May we walk in Beauty!

Sun’s Up


I was offline all evening yesterday due to a power outage. Perhaps I needed something to make me wait to write the Sun poem until the sun was rising to birdsong.

Here’s a little catch-up:

Sun
by Beth Weaver-Kreider

Of course they call it up,
each morning, their voices
rising, each one adding a new note,
first titmouse, peter-peter,
then the pret-ty pret-ty cardinal,
someone singing SWEET-sweet,
and then, slightly off-key,
but eager to be part of the show,
Sweet George Peabody the white-throat
says his lonely name.

TODAY’S PROMPT:
Today, the Fool considers her Guardians. Who are her protectors? Who cares for her in unseen ways, offers advice and aid when necessary?

The Lunatic Moon


This is from 2013. There are no physically manifest poems on the PoeTree this year.

The Lunatic Moon
by Beth Weaver-Kreider
for Mara

The thing is, I am a Twisted Hair.
The thing is, I believe that bridges build their own burn.
I am weaving that into the braid at this exact moment.
Some days I walk on burn
to return to the path that calls me.
Perhaps this is where the poem begins.

The thing is, when I read that line
about what I believe, I felt seen and known.

Burn your bridges, burn your easement, burn your draft card, burn your bra.

The thing is, I am simply a character.
I am devouring. I am pretending.
The thing is, I am a simple character,
made of burn, of bridge, of web.

Weave yourself a bridge of sunlight and flame. Weave an easement to the moon.

The thing is, the more I twist these strands into the story,
the less I am a solitary spider, and the more I am the moon.

TOMORROW’S PROMPT:
We’ve learned the twinkling light of the star that refreshes, the wild light of the moon that pulls, and tomorrow, the Fool steps into the light of the sun, feeling her full power. She finds herself able to experience joy in a new way, not in denial of the hardship and pain of the journey, but because of it. Now she knows her strength. Now she knows her wildness. Now she knows her fierce and tender heart. She absorbs the power of the Sun.

Gratitude List:
1. Poetic conversation
2. Odysseys, journeys, adventures
3. This writing life, fragmented and small as it is
4. Chocolate bunnies
5. Every day a new sensation, a new color, a new birdsong

May we walk in Beauty!

Beloveds and Starlight

When I wrote the Star prompt, I had just walked through a Facebook thread with three friends, creating an online sort of ritual/story together. This was a powerful Starlight experience.

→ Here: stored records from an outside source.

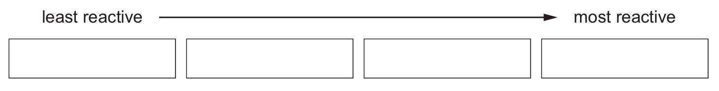 The reactivity order is determined by the rate of brown gas (NO2) production: no gas (least reactive) → slow production → rapid production → very rapid production (most reactive).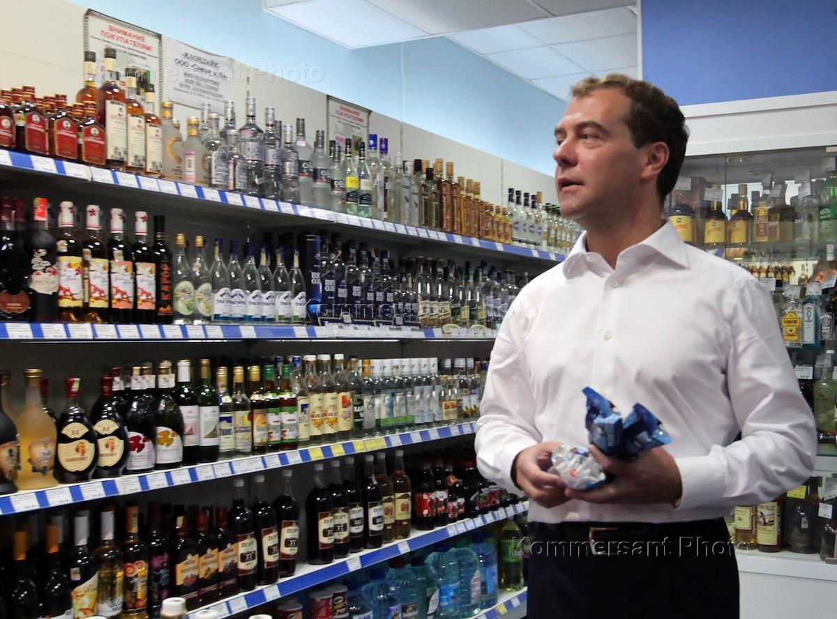 Рабочая поездка президента России Дмитрия Медведева в Приволжский федеральный округ. Президент России Дмитрий Медведев во время посещения одного из продуктовых магазинов Оренбурга.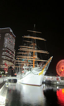 船着き場である「ぷかりさん橋 Pukarisanbashi Pier」がある)。 式典後、みなとみらい地区のクイーンズスクエアやランドマークタワーなどの高層ビル群の中を通り抜けながら、 JR桜木町駅へ向かった。陽が落ちてほとんど暗くなっていた。 ビル群の狭間から屋外ドックに係留されている帆船日本丸のマストなどがちらちらと目に入った。何度も観て写真も撮っているので 今回わざわざ立ち寄るつもりもなく通り過ぎた。 暫くして、最後にもう一度日本丸の方を再び振り向いて見ると、今度はライトアップされ優美な姿を見せる日本丸が目に飛び込んできた。 思い直してライトアップ姿を一度はじっくりと拝観してみようという気になり引き返した。思い起こせば夜にライトアップされ、 真っ白なロングドレスに身を包んだ姿を拝観するのは初めてのことであった。勿論、そんな日本丸を切り撮るのも初めてのことである。 夜の舞踏会に出で立つかのように着飾った貴婦人・日本丸もまた最高である。 [画像撮影: 2015.11.17/「帆船日本丸・横浜みなと博物館(Sail Training Ship NIPPON MARU & Yokohama Port Museum)」にて] [拡大画像: x27313.jpg] |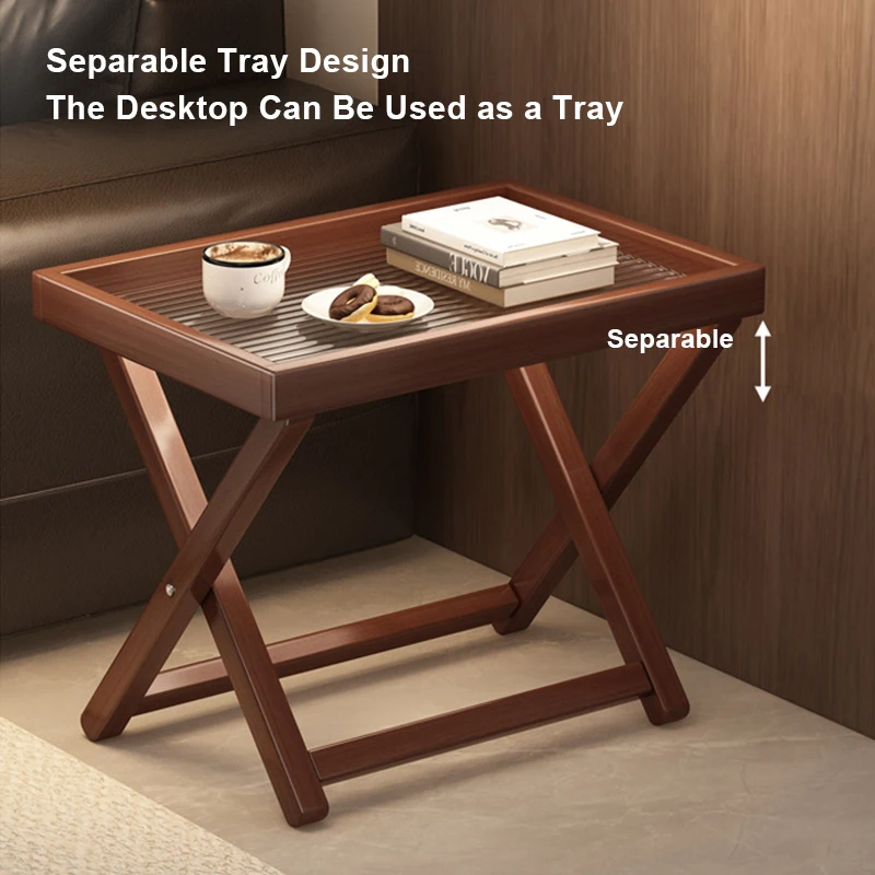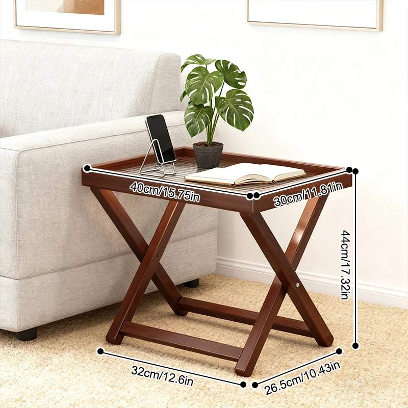 Bamboo Folding Side Table,Durable Tv Tray Bed Table,Small End Table For Living Room, Bedroom, Portable Storage Table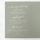 Ce programme triplé de mariage monogramme vert sauge chic boho est parfait pour un mariage minimaliste. La tonalité neutre en terre verte design bohème moderne se caractérise par une calligraphie rustique simple au style unique mais classique. Personnalisez votre programme de mariage avec vos initiales, noms, date et lieu du mariage, votre citation ou votre lyrique préférée, ordre de service, fête de mariage, dans message mémorial d'amour, message de cérémonie débranché, une note de remerciement et une photo.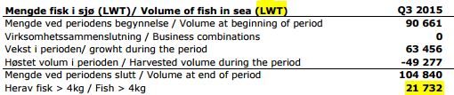 „Due to higher feed costs, the Group expects to see an increase in release from stock costs in Q4 2015 and in 2016...Uncertainty around future biological performance by Lerøy Midt is higher than normal. The production costs for the autumn 2014 generation will be higher than normal and will generate high release from stock costs for this generation when it is harvested in Q4 2015 and Q1 2016. “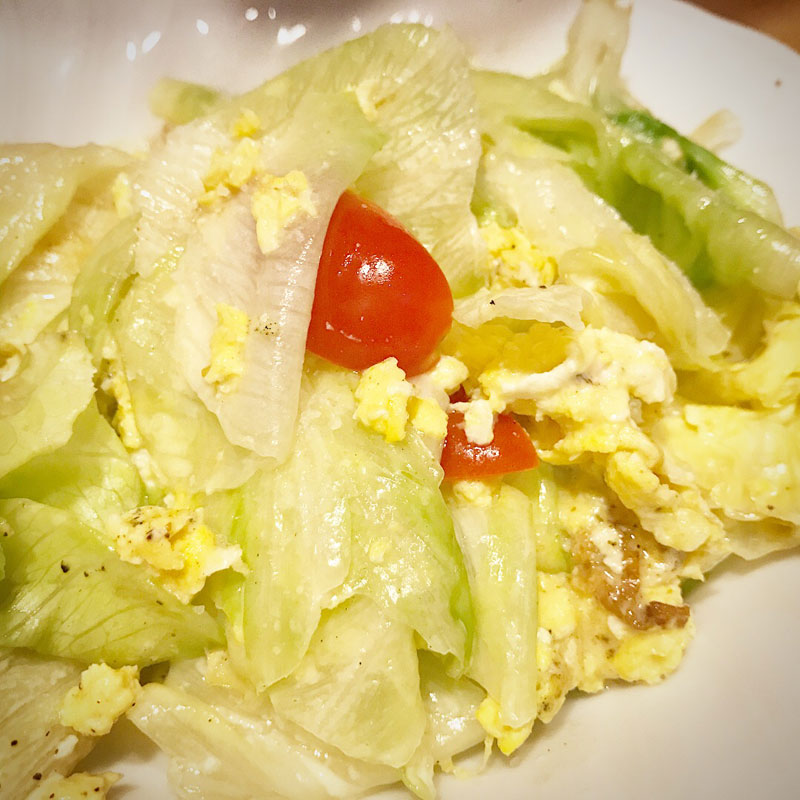いただいたレタスがたくさんでとてもサラダでは食べきれないので卵と合わせて炒め物に。油はマヨネーズで。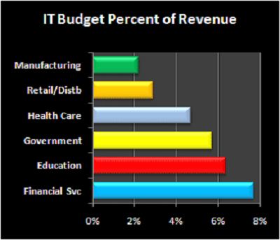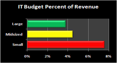 The size of enterprise impacts the cost of IT as the percentage of revenue is greatest in small enterprise (less than $100 million in revenue) and lest in large enterprises, those with revenues over $1 billion. Also infrastructure and budget vary by industry.

And hours later, I could not know how deeply I would again be experiencing the Starlight in the presence of my Beloveds. Thirty years of deepening friendship.

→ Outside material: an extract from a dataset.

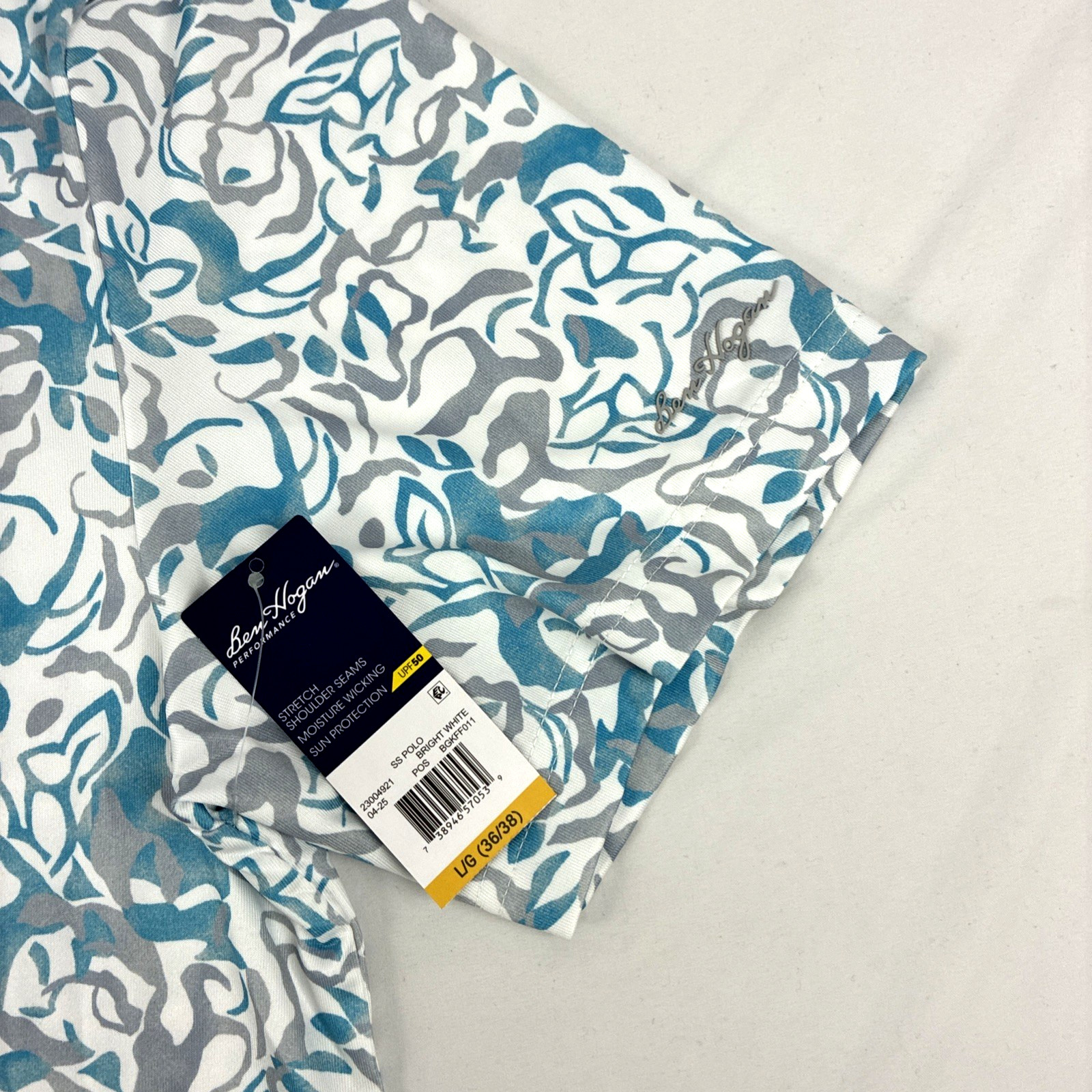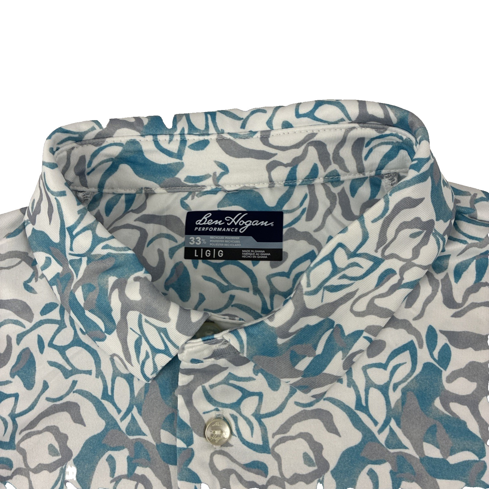 как выглядит New Mens Ben Hogan Performance Golf SS Polo Shirt Size Large NWT Geometric White фото

Sit with your sisters in a circle,
and feel the truth of how your hearts
are woven together
every bit as real as that basket
under the hall table
where a fine cat is purring.

You will hear the echoes
of the towers that have fallen,
see the memory of rubble in the eyes.
Say out loud, “I see you.”
Say, “I witness.”
Weave the new strands together.
See how your stories
are one singular tale.

Feel the starlight
making a net around you,
a silver basket reflecting your own.

TOMORROW’S PROMPT:
After she experiences the Star, the Fool finds the Moon. Oh, the Moon! Luna, lunacy. Tidal pull and woman’s guide. Well of creative expression. The Fool may find a tension between her feral and domesticated selves. Moonlight is a reflected light. It holds mystery and dreaming, fear and enchantment.

Gratitude List:
1. Seeing and being seen. Witnessing. Speaking and Listening.
2. Rituals of friendship and belonging
3. Lifelong friends. Keeping an empty chair for the one who could not be there with us.
4. Weaving stories together.
5. Time out of time.

May we walk in Beauty. In Friendship.